Segment Start: GIVEN RECORDS

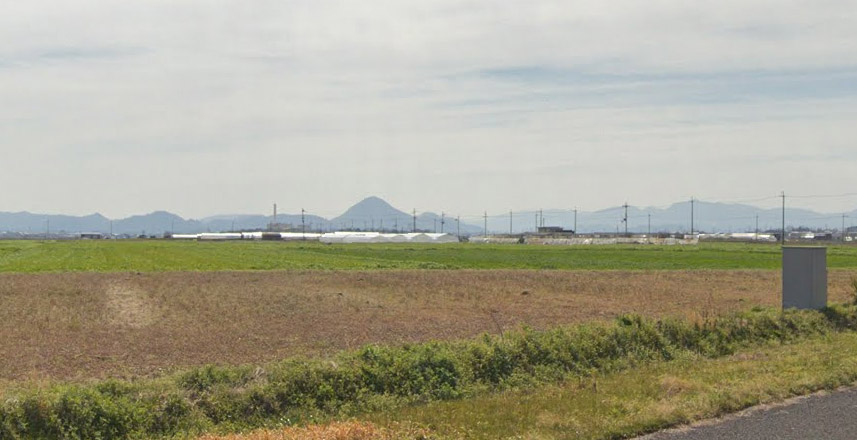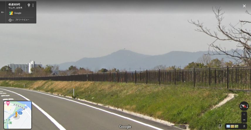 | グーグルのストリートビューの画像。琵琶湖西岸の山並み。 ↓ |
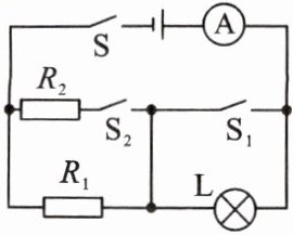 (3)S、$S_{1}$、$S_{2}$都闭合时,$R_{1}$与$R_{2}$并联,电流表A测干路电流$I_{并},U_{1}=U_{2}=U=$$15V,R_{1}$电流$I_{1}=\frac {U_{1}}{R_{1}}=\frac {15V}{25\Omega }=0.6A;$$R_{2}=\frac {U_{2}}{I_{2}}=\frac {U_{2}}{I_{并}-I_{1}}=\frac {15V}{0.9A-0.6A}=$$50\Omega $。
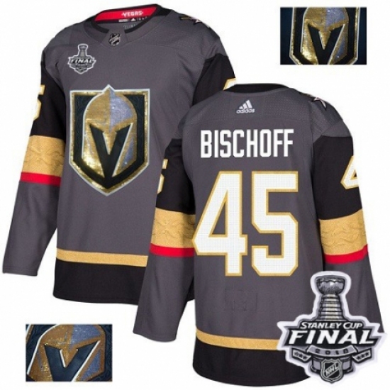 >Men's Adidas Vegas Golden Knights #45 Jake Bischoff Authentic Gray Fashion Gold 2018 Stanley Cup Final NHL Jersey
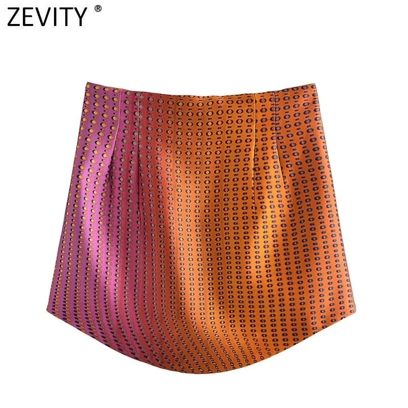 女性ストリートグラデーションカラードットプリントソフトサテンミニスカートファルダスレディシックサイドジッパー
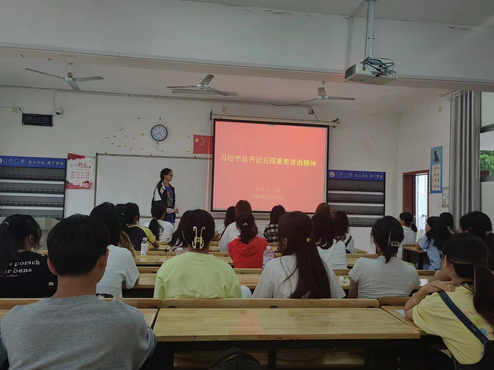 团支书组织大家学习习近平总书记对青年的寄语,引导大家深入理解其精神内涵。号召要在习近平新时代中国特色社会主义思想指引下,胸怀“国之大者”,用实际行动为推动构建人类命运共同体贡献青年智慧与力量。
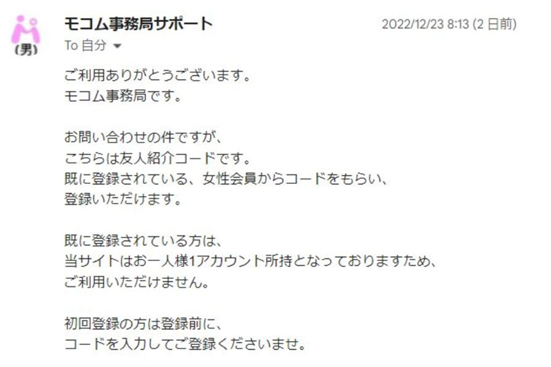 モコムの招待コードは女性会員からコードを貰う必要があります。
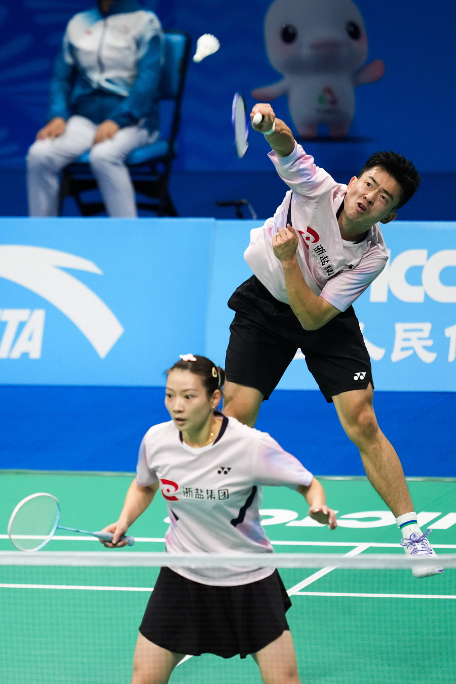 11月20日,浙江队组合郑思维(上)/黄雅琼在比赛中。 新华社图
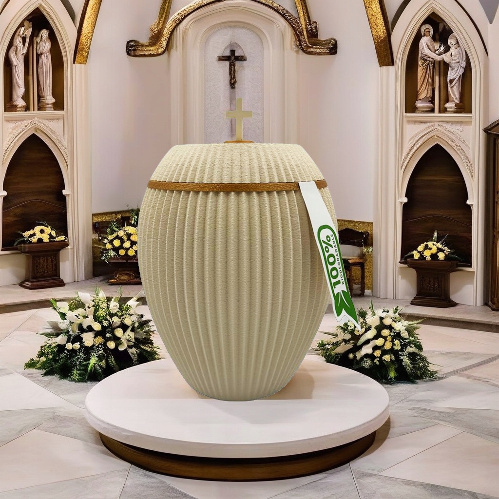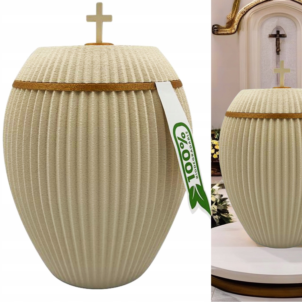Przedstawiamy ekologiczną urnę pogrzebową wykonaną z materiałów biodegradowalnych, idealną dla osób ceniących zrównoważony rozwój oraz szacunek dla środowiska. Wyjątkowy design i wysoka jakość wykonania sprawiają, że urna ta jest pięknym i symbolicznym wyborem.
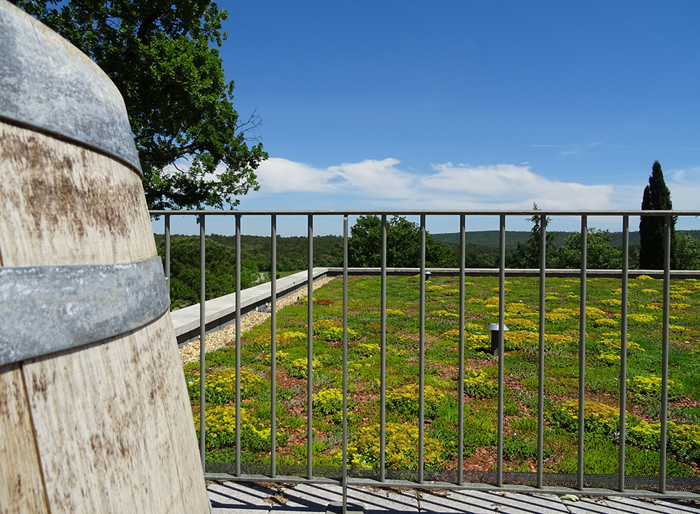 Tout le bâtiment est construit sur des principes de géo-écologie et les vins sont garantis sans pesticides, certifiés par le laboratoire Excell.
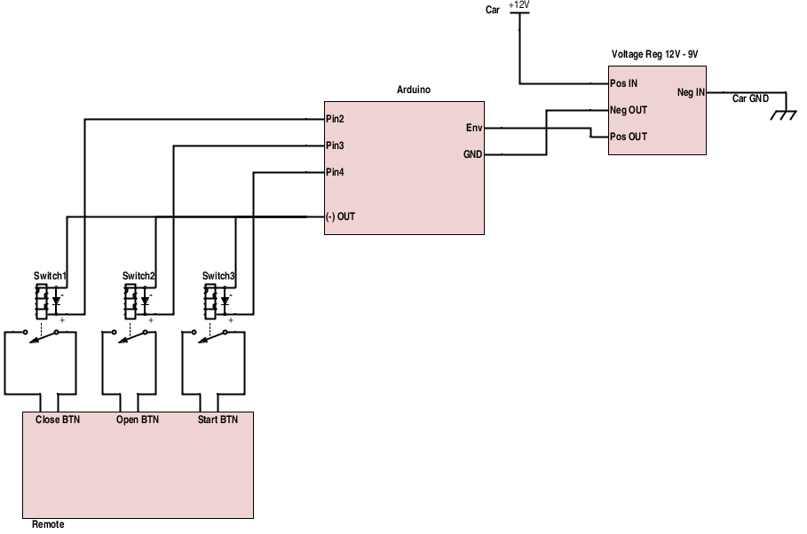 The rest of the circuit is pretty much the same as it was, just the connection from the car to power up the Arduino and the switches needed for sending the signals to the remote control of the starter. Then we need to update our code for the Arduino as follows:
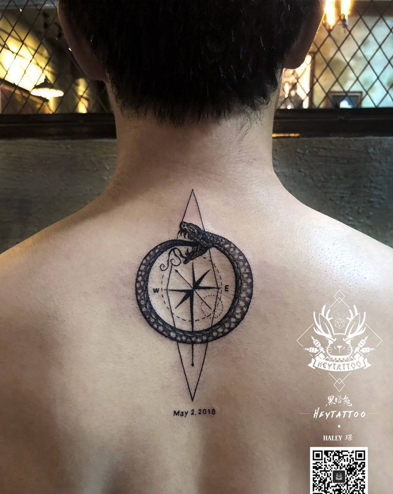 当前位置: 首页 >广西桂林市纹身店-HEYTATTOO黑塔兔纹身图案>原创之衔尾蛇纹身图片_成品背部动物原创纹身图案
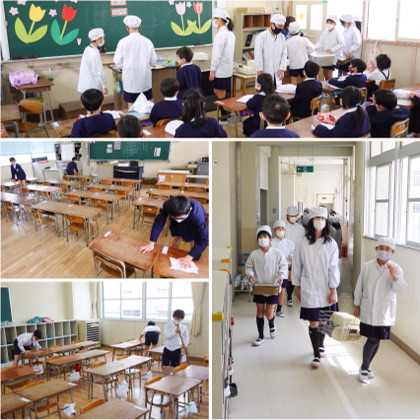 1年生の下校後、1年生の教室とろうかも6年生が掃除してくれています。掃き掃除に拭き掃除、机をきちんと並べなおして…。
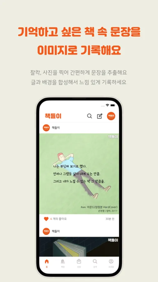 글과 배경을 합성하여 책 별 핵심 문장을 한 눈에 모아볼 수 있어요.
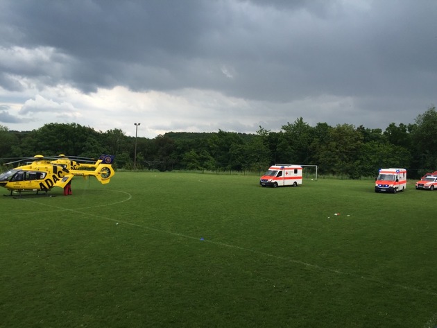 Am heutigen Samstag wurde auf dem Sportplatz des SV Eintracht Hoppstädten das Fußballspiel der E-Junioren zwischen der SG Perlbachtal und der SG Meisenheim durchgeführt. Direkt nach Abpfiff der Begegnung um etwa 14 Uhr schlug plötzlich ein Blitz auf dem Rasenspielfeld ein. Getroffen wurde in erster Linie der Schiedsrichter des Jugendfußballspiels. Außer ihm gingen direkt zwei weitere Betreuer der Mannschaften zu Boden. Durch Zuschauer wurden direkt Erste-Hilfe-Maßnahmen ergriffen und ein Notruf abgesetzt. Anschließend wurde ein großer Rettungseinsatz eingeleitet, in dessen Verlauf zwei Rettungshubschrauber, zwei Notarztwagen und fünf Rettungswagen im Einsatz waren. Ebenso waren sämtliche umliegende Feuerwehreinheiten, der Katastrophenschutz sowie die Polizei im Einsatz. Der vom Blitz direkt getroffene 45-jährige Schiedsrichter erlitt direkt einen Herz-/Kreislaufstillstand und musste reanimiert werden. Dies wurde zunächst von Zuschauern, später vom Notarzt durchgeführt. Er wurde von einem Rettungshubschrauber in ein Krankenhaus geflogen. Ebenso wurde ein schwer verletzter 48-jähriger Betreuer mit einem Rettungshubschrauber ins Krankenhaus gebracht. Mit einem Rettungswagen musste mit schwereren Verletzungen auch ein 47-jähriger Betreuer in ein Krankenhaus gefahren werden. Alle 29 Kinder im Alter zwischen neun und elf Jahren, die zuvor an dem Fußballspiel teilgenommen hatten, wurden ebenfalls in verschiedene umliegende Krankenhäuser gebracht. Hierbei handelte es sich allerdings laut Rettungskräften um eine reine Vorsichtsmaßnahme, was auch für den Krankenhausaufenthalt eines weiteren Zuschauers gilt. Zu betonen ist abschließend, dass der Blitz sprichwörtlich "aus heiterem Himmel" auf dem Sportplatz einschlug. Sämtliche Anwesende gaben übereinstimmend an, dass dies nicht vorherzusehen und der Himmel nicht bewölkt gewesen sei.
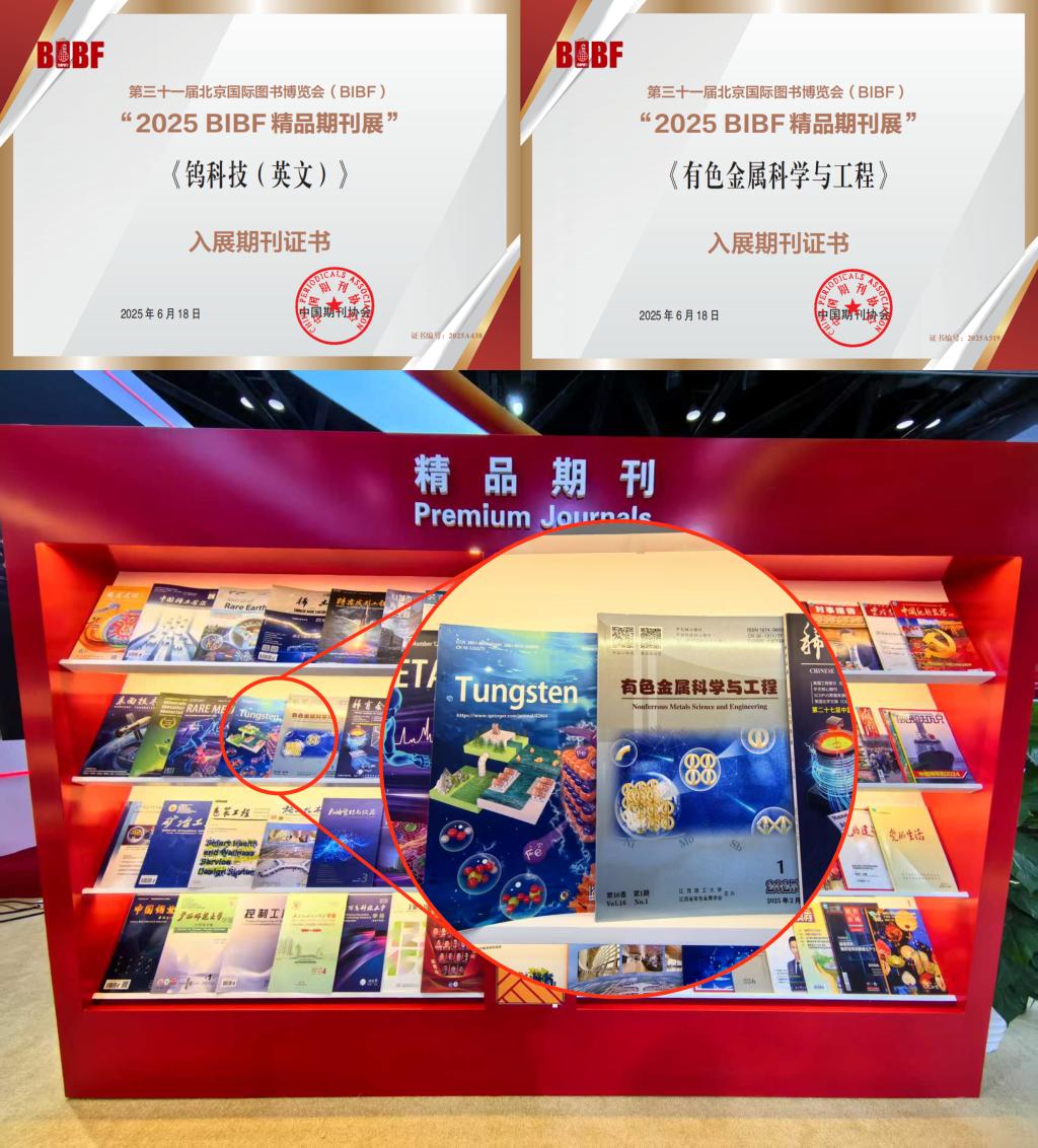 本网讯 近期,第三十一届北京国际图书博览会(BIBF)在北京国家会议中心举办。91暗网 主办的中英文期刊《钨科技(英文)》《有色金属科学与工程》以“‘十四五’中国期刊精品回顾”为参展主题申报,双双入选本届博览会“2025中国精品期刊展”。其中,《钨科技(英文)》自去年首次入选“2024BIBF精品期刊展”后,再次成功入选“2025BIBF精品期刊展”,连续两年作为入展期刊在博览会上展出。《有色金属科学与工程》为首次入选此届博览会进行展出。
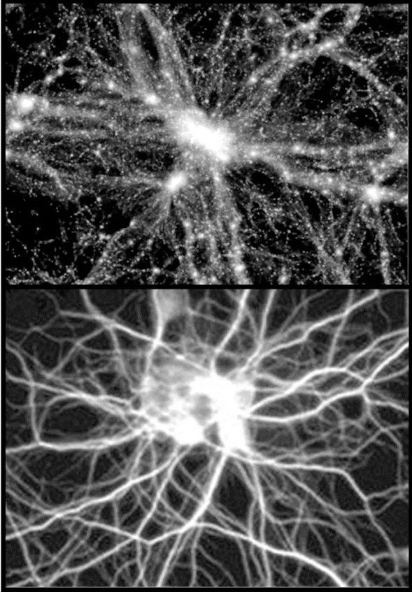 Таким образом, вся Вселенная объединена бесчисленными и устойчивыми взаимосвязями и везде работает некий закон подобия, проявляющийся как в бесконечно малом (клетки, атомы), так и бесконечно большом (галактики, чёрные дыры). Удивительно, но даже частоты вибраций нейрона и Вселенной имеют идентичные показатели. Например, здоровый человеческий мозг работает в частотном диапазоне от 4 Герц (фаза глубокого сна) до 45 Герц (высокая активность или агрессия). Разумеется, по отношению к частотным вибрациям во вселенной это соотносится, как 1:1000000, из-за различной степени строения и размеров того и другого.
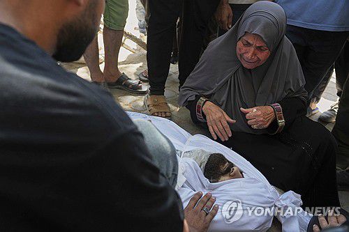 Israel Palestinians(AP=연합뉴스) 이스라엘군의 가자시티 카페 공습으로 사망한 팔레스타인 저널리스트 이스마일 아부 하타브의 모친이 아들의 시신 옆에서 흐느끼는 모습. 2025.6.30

Segment End: GIVEN RECORDS

» **YOUR ASSIGNMENT**
An exact transcription is needed of the lines from the one with "团支书组织大家学习习近平总书" to the one with "글과 배경을 합성하여 책 별 핵심 문장을 한 눈에 모아볼 수 있어요." above, both ends included, with pictures left out.

» **SOLUTION FOR THIS TASK**
 团支书组织大家学习习近平总书记对青年的寄语,引导大家深入理解其精神内涵。号召要在习近平新时代中国特色社会主义思想指引下,胸怀“国之大者”,用实际行动为推动构建人类命运共同体贡献青年智慧与力量。
 モコムの招待コードは女性会員からコードを貰う必要があります。
 11月20日,浙江队组合郑思维(上)/黄雅琼在比赛中。 新华社图
Przedstawiamy ekologiczną urnę pogrzebową wykonaną z materiałów biodegradowalnych, idealną dla osób ceniących zrównoważony rozwój oraz szacunek dla środowiska. Wyjątkowy design i wysoka jakość wykonania sprawiają, że urna ta jest pięknym i symbolicznym wyborem.
 Tout le bâtiment est construit sur des principes de géo-écologie et les vins sont garantis sans pesticides, certifiés par le laboratoire Excell.
 The rest of the circuit is pretty much the same as it was, just the connection from the car to power up the Arduino and the switches needed for sending the signals to the remote control of the starter. Then we need to update our code for the Arduino as follows:
 当前位置: 首页 >广西桂林市纹身店-HEYTATTOO黑塔兔纹身图案>原创之衔尾蛇纹身图片_成品背部动物原创纹身图案
 1年生の下校後、1年生の教室とろうかも6年生が掃除してくれています。掃き掃除に拭き掃除、机をきちんと並べなおして…。
 글과 배경을 합성하여 책 별 핵심 문장을 한 눈에 모아볼 수 있어요.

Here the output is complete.